Cincinnati Bengals: The Unfortunate Legend That Is the Carson Palmer Injury
How is it possible to have a whole stadium be at its loudest and then its most quiet in a matter of 20 seconds? When you have that ultimate moment of satisfaction turn right into depression.
For those of you who don't understand what that game meant to us Bengal fans, I'll gladly explain.
That was the year we felt was ours; we sat through season after season of bad football teams. We saw multiple players that either got injured or just didn't pan out, but this season was different.
We had finally found our big name quarterback, we had a strong offensive line, a great receiving core and a running back who was a yard eater. There was no way we were going to lose, the momentum was on our side.
I remember just being so excited for the game. My Dad and I drove to the stadium fired up; it was finally here: The Bengals were in the playoffs. It was not just the fact they made the postseason, but the fact that we were fortunate enough to have the game in our hometown and be able to attend the game.
Like every Bengal-Steelers game, the crowd was split; we saw way more terrible towels and Steelers jerseys than we wanted too.
The reason this game is considered legendary is because everyone remembers where they were when the game happened. Everyone remembers their reaction of sadness and anger when the infamous play happened.
The Bengals ran a no-huddle with a run play but didn't have much success on the first drive.
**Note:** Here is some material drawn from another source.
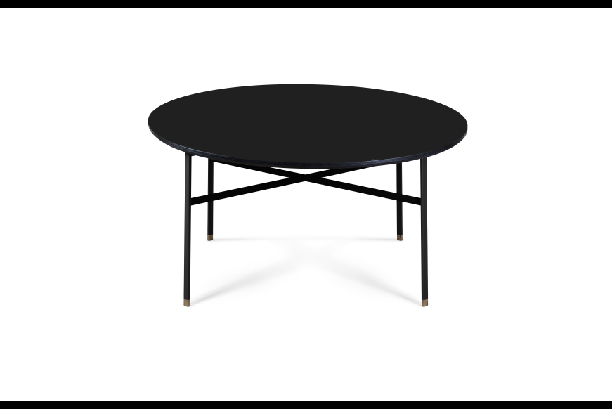 Skovby Ø90 cm sofabord, med massiv sort egetræs stel og sort Nano bordplade..
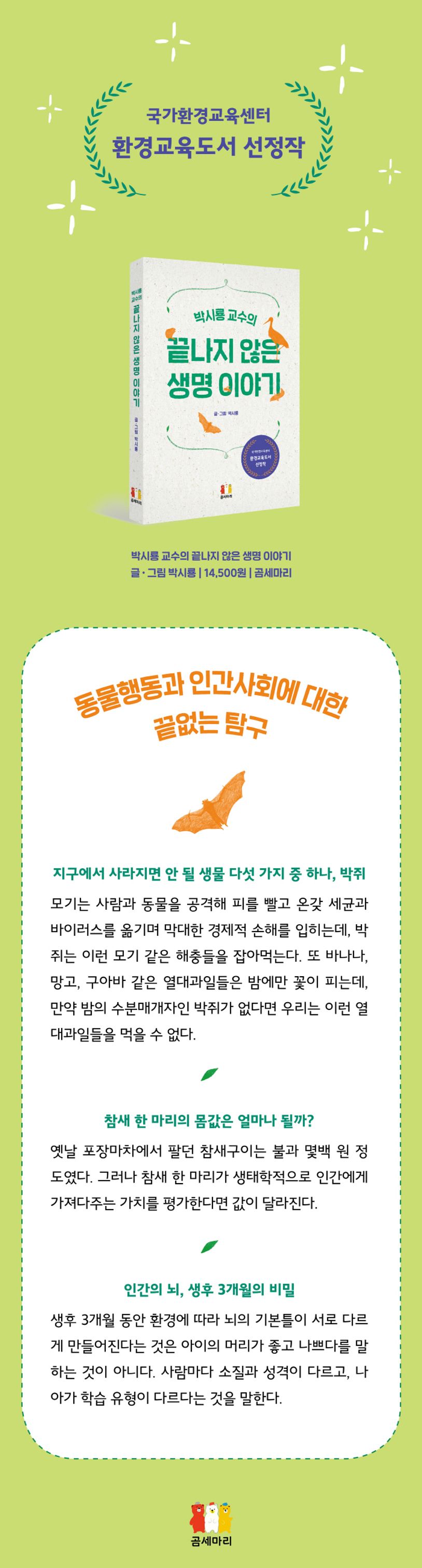 오랫동안 대학에서 연구하며 후학들을 가르친 저자는 동물들의 짝짓기, 먹이활동, 집짓기 같은 행동 양식뿐만 아니라 도구 사용과 문화 활동 같은 우리가 미처 알지 못한 흥미로운 사회적 행동들을 들려준다. 그러면서 한편으로는 동물들의 서식지 보호와 멸종위기종을 관리하는 문제에 대해 주의를 환기시키며 대책 마련을 모색한다.

Then in the next play, Carson Palmer took the snap and threw it deep down field where Chris Henry took it in. We couldn't believe it.
I remember looking up on the jumbo tron in anticipation of the replay just to see Carson Palmer laying on the ground. I felt my heart drop into my stomach and immediately had the thought,"Uh oh."
This couldn't happen. This was the biggest game since the Superbowl loss to the 49ers; it was finally our time.
After seeing the replay over and over and over, I just felt like it was a dirty hit. Anger and frustration wouldn't allow me to reason with anyone arguing it was clean. To me, Kimo Von Oelhoffen was the bad guy. I was so fired up I wanted to run down on the field myself and give him a piece of my mind.
This was when the word "curse" came in my mind. The Red Sox sold Babe Ruth. The Cubs had a billy goat. The Bengals lost their one chance at becoming an elite football team.
To me the, Steelers' Super Bowl victory was tarnished. I'd never give them credit all because of that one hit, the hit that deflated the crowd at Paul Brown Stadium and, by the look of things, the team on the field.
It was our time... Why did it have to happen this way?